*Work order*: From the line containing "(湖北日報全媒記者 魏錸 攝)" through the last line of the data, both ends included, write out every line exactly; omit the pictures.

*Data extract*:

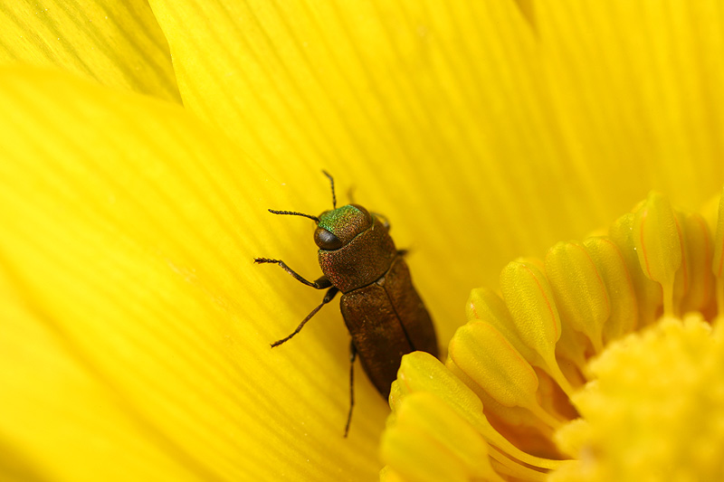 Today I was in the field close to Budapest where last year I've found Anthaxia chevrieri (=funerula) on the flowers of Adonis vernalis. I was with a friend and we found 2 male specimens! They proved to be the first jewel beetle of this year.
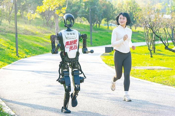 11月4日,光谷中央生態大走廊,人形機器人沿著步道奔跑,為即將舉行的光谷馬拉松預熱助威。有8臺人形機器人參與啦啦隊,它們來自5家光谷企業和高校,都已經具備高質量運動能力。 (湖北日報全媒記者 魏錸 攝)
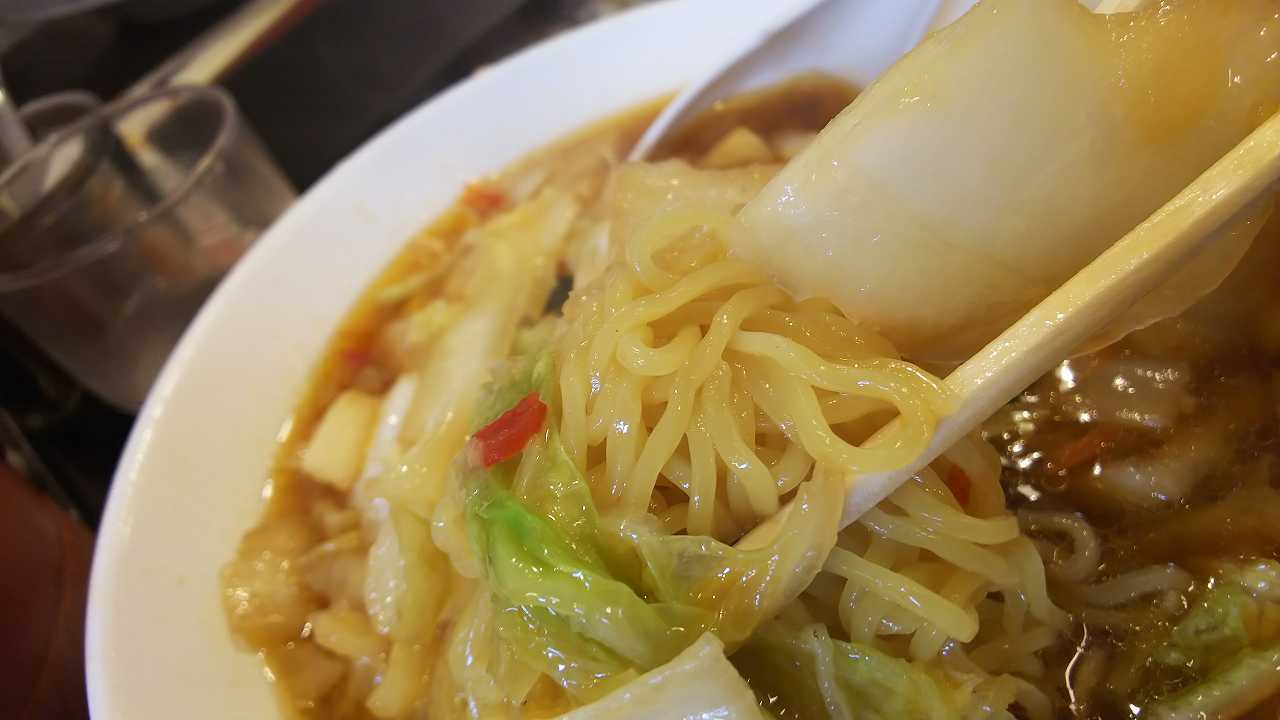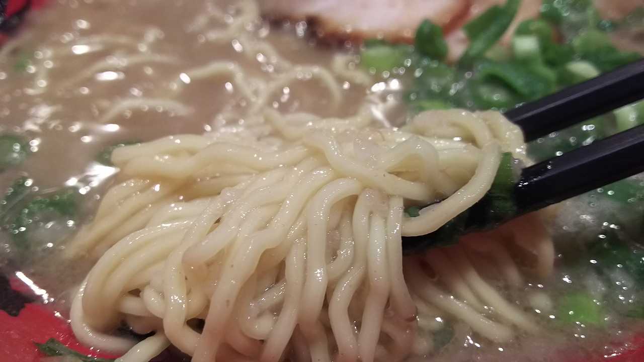 麺は、中太ってほど太くなくて、縮れているけど、細めですね。

*Answer box*:
 11月4日,光谷中央生態大走廊,人形機器人沿著步道奔跑,為即將舉行的光谷馬拉松預熱助威。有8臺人形機器人參與啦啦隊,它們來自5家光谷企業和高校,都已經具備高質量運動能力。 (湖北日報全媒記者 魏錸 攝)
 麺は、中太ってほど太くなくて、縮れているけど、細めですね。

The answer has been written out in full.